YOUR TASK:
Would you return, word for word, the lines running from the one with "鉴于上面的原因,本人对这个指" to the final line of the listing below, pictures omitted?
——
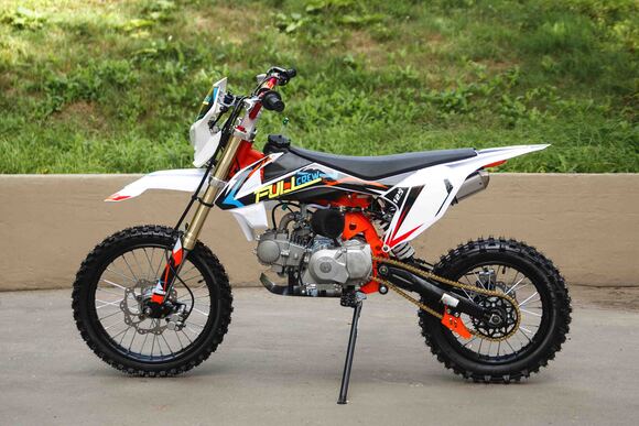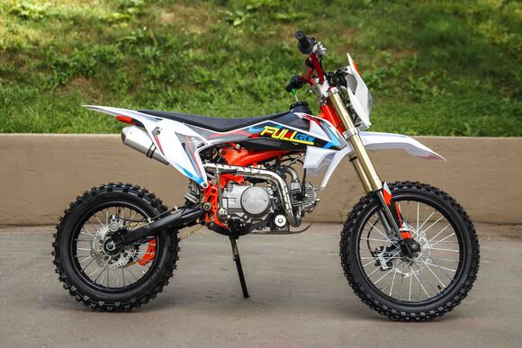 Представляем Вашему вниманию питбайк от молодого российского бренда Full Crew. Модель получила название FC125e 17/14. В ней собраны все ключевые моменты для покорения сердца питбайкера. Крепкая стальная рама, дисковые гидравлические тормоза, надежный и проверенный временем двигатель YX 125 с механической четырехступенчатой коробкой передач и фара. А самый огромный плюс – это демократичная цена и наличие электростартера на питбайке Full Crew FC125 17/14.
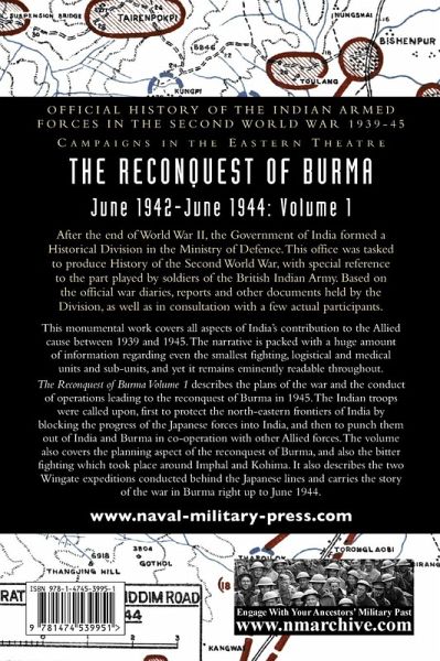 This monumental work covers all aspects of India's contribution to the Allied cause between 1939 and 1945. The narrative is packed with a huge amount of information regarding even the smallest fighting, logistical and medical units and sub-units, and yet it remains eminently readable throughout. The Reconquest of Burma Volume 1 describes the plans of the war and the conduct of operations leading to the reconquest of Burma in 1945. The Indian troops were called upon, first to protect the north-eastern frontiers of India by blocking the progress of the Japanese forces into India, and then to punch them out of India and Burma in co-operation with other Allied forces. The volume also covers the planning aspect of the reconquest of Burma, and also the bitter fighting which took place around Imphal and Kohima. It also describes the two Wingate expeditions conducted behind the Japanese lines and carries the story of the war in Burma right up to June 1944.
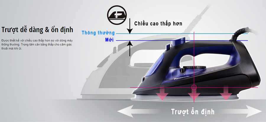 Ngoài ra, bản ủi Panasonic thích hợp với mọi loại vải, có vòng chỉnh nhiệt giúp lựa chọn được mức nhiệt độ phù hợp cho từng loại vải, đèn báo sẽ tự tắt khi đạt mức nhiệt cần thiết, bảo vệ quần áo không bị cháy xém do gặp phải nhiệt độ quá cao. Nổi bật hơn là có cấu tạo các hạt hơi nước siêu nhỏ bao phủ diện tích tích lớn, hiệu quả trong việc loại bỏ các nếp nhăn trên các loại vải tự nhiên như lanh và cotton, không cần phải thay đổi giữa chế độ ủi và phun nước.
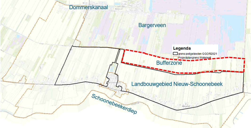 In 2008 heeft waterschap Vechtstromen in het GGOR (Gewenst Grondwater en Oppervlaktewater Regime) voor het Natura 2000-gebied Bargerveen en het landbouwgebied Nieuw Schoonebeek en Emmen Zuid de mogelijkheden onderzocht om de gewenste grond- en oppervlaktewater situatie in en om het Bargerveen te realiseren. In dit traject kwam Buffer Zuid (zie hoofdstuk 1.3), een bufferzone van 500 m over het traject tussen de Kerkenweg en de Duitse grens, als beste optie naar voren in combinatie met een aantal waterhuishoudkundige maatregelen in het landbouwgebied Nieuw-Schoonebeek. Buffer Zuid en de waterhuishoudkundige maatregelen in het landbouwgebied hebben een nauwe samenhang met elkaar.
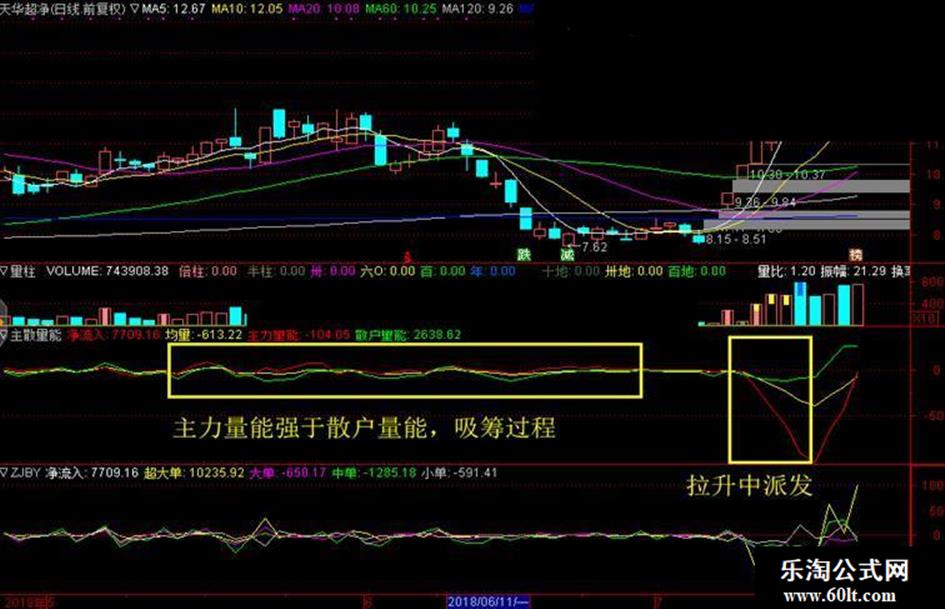 鉴于上面的原因,本人对这个指标进行了优化。优化后,只保留了三条线:均量、主力量能、散户量能。这样一看,就更能看清楚股票资金的变化及变化趋势。
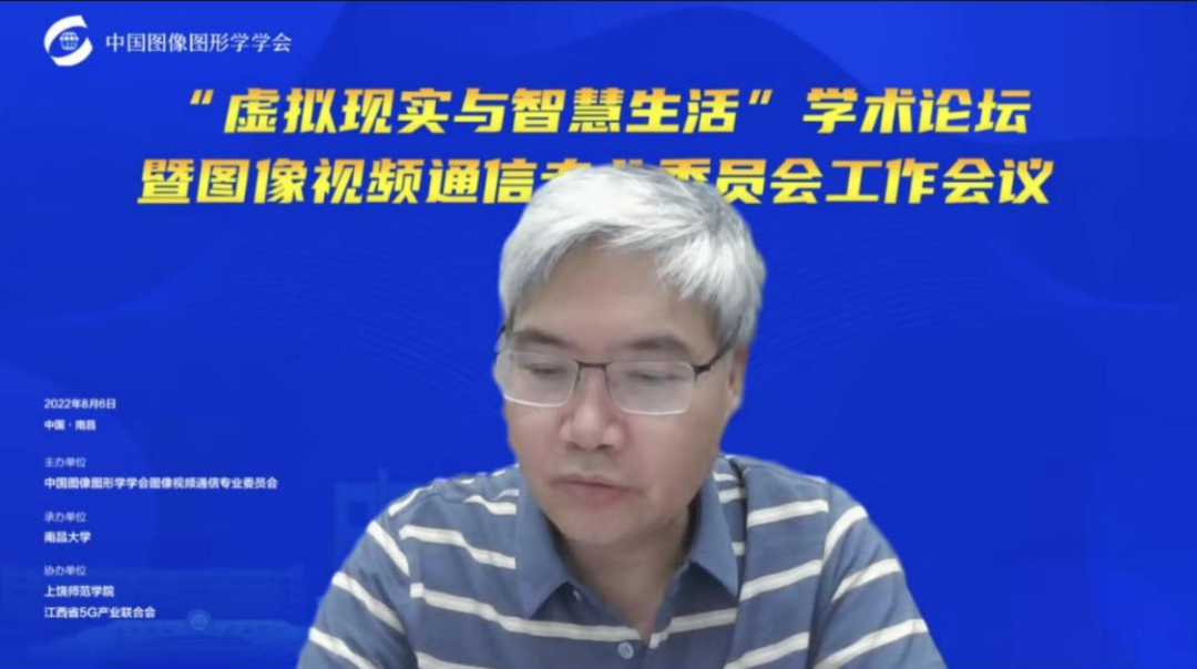 2022年8月6日,CSIG图像视频通信专委会组织召开“虚拟现实与智慧生活”学术论坛暨2022年度专委会工作会议。会议由南昌大学承办,上饶师范学院、江西省5G产业联合会协办。专委会创始人、名誉主任朱光喜教授担任本次会议的名誉主席,刘文予教授、王玉皞教授担任本次会议的大会主席,刘且根、杨建荣、李安、余礼苏担任本地主席。会议由王玉皞教授、李安教授主持。本次会议受疫情影响,以线上线下结合的方式举行,《电子与信息学报》为本次会议提供直播平台和媒体宣传报道,得到了广泛关注,线上累计观看14500人次,累计观看次数16000次。
——
ANSWER SPACE:
 鉴于上面的原因,本人对这个指标进行了优化。优化后,只保留了三条线:均量、主力量能、散户量能。这样一看,就更能看清楚股票资金的变化及变化趋势。
 2022年8月6日,CSIG图像视频通信专委会组织召开“虚拟现实与智慧生活”学术论坛暨2022年度专委会工作会议。会议由南昌大学承办,上饶师范学院、江西省5G产业联合会协办。专委会创始人、名誉主任朱光喜教授担任本次会议的名誉主席,刘文予教授、王玉皞教授担任本次会议的大会主席,刘且根、杨建荣、李安、余礼苏担任本地主席。会议由王玉皞教授、李安教授主持。本次会议受疫情影响,以线上线下结合的方式举行,《电子与信息学报》为本次会议提供直播平台和媒体宣传报道,得到了广泛关注,线上累计观看14500人次,累计观看次数16000次。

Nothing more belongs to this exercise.